__Exercise brief__
Repeat the data exactly. Pictures are not part of the copy.

__Data extract__
┏━━
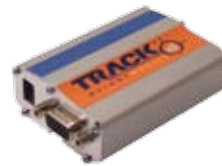
TrackWeight Mobile Quad-band cellular modem
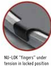
NU-LOK "fingers" under tension in locked position
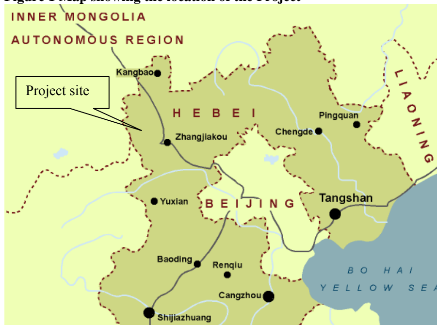
Figure 1 Map showing the location of the Project

The proposed Windfarm is located in the southwest of Zhangbei County. It is located longitude 114°33'4" East to 114°37'23" East and latitude 41°07'22" North to 41°10'36" North. The altitude of the site ranges from 1422m to 1562m above mean sea level. Figure 1 shows the location of the project.
┗━━
__Problem solution__
TrackWeight Mobile Quad-band cellular modem
NU-LOK "fingers" under tension in locked position
Figure 1 Map showing the location of the Project

The proposed Windfarm is located in the southwest of Zhangbei County. It is located longitude 114°33'4" East to 114°37'23" East and latitude 41°07'22" North to 41°10'36" North. The altitude of the site ranges from 1422m to 1562m above mean sea level. Figure 1 shows the location of the project.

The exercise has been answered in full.